* _SOURCE DATA_:

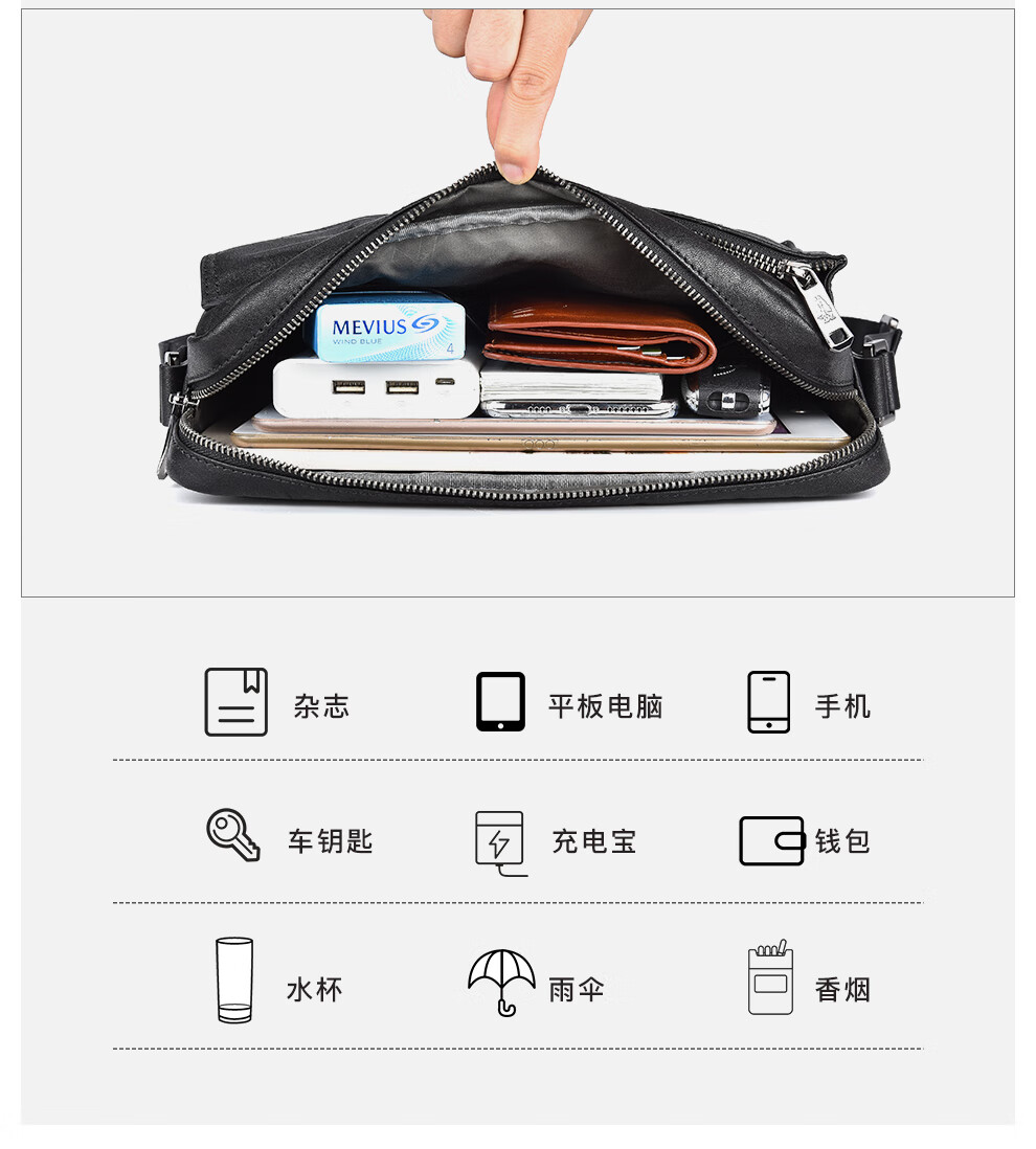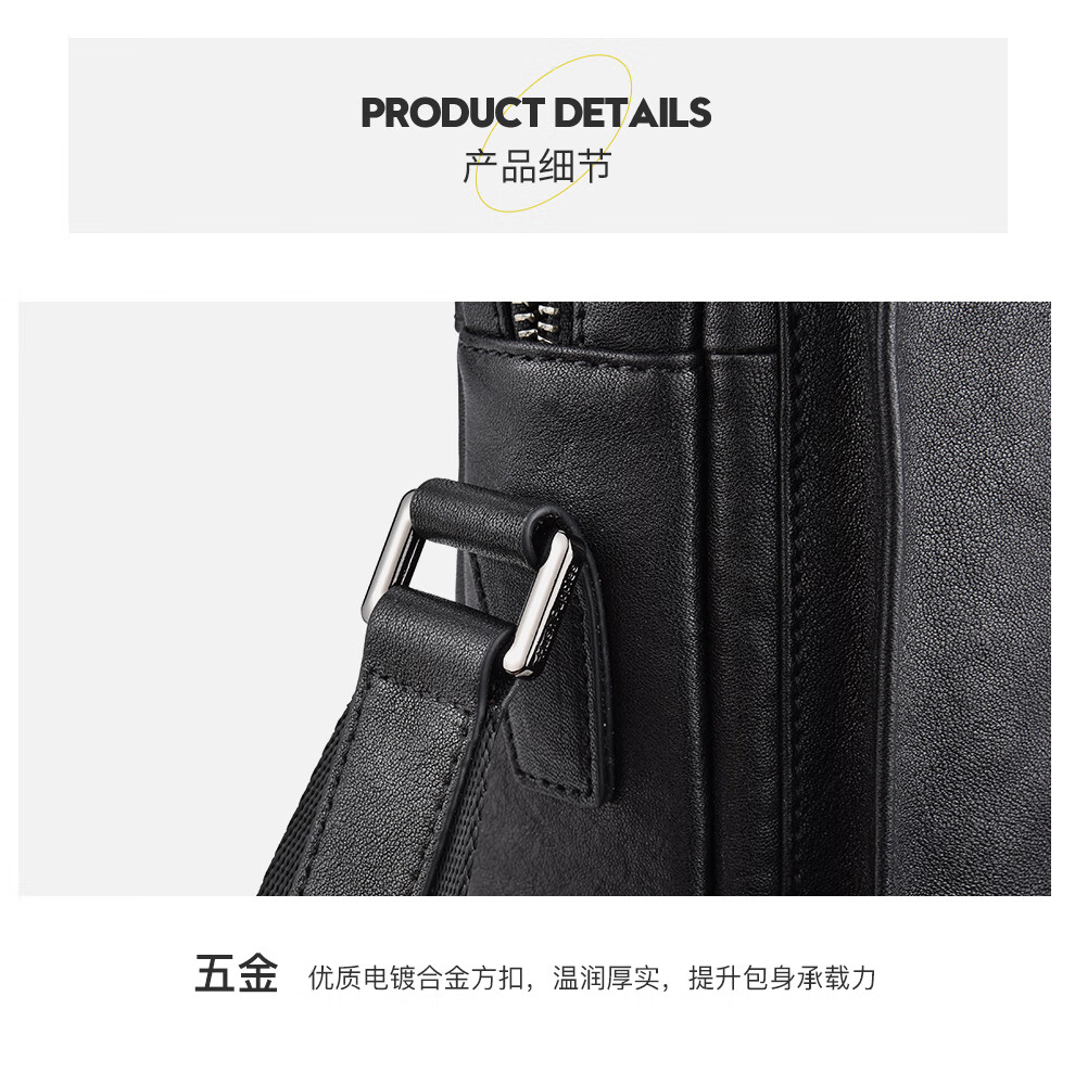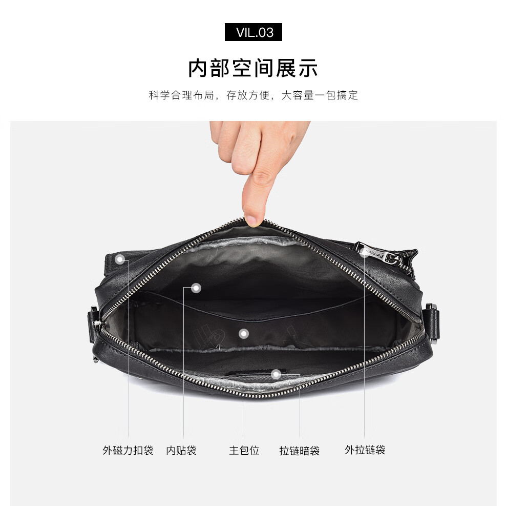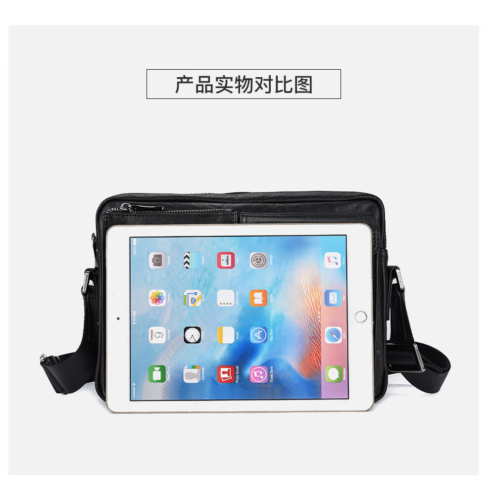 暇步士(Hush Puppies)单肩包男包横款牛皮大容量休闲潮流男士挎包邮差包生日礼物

==

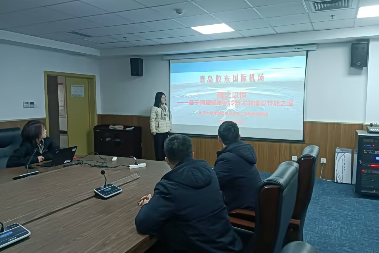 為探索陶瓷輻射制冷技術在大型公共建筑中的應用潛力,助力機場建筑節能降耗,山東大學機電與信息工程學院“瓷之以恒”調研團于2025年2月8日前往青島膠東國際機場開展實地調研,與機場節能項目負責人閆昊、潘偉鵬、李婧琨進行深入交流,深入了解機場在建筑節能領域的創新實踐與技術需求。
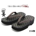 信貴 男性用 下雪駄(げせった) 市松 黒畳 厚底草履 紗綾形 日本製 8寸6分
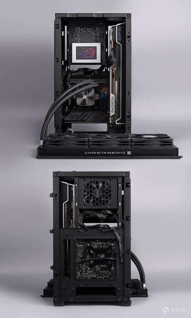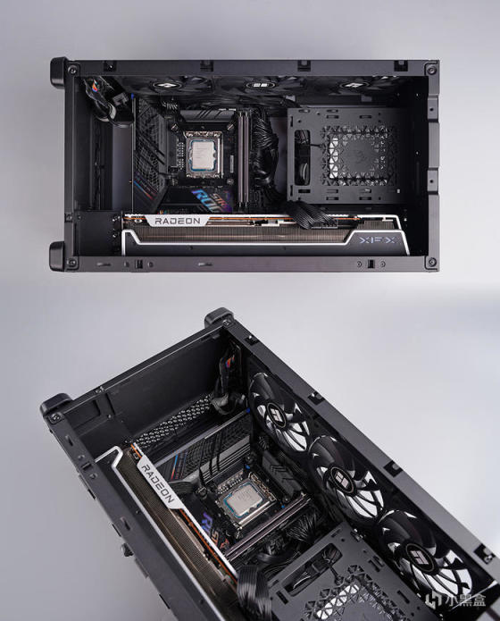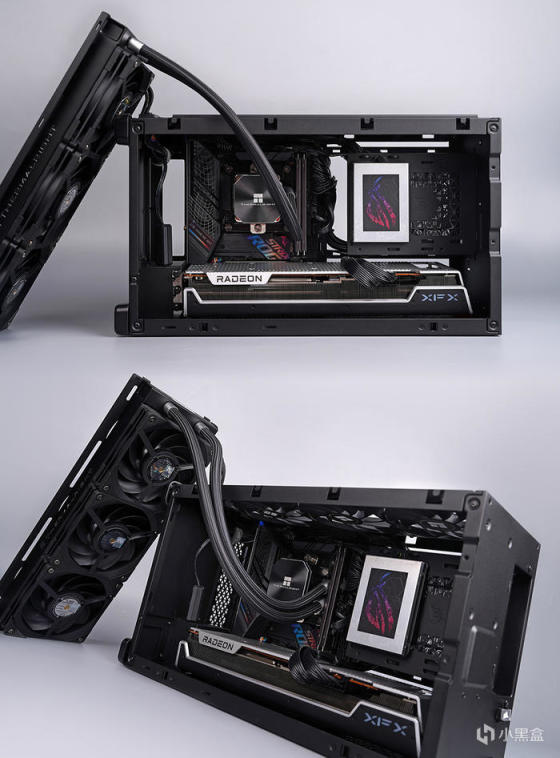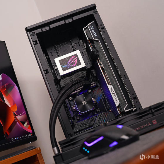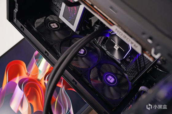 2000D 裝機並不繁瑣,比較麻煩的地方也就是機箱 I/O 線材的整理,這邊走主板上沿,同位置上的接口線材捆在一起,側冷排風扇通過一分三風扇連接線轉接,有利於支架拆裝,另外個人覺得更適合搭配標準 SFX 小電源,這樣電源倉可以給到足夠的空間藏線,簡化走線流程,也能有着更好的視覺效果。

* _TASK BRIEF_:
Nothing but the lines above, starting at the line that contains "信貴 男性用 下雪駄(げせった) 市松 黒畳 厚底草履 紗綾形 日本製 8寸6分" and ending at the line that contains "2000D 裝機並不繁瑣,比較麻煩的地方也就是機箱 I/O", should be given again, exactly and without the pictures.

* _FINAL ANSWER_:
 信貴 男性用 下雪駄(げせった) 市松 黒畳 厚底草履 紗綾形 日本製 8寸6分
 2000D 裝機並不繁瑣,比較麻煩的地方也就是機箱 I/O 線材的整理,這邊走主板上沿,同位置上的接口線材捆在一起,側冷排風扇通過一分三風扇連接線轉接,有利於支架拆裝,另外個人覺得更適合搭配標準 SFX 小電源,這樣電源倉可以給到足夠的空間藏線,簡化走線流程,也能有着更好的視覺效果。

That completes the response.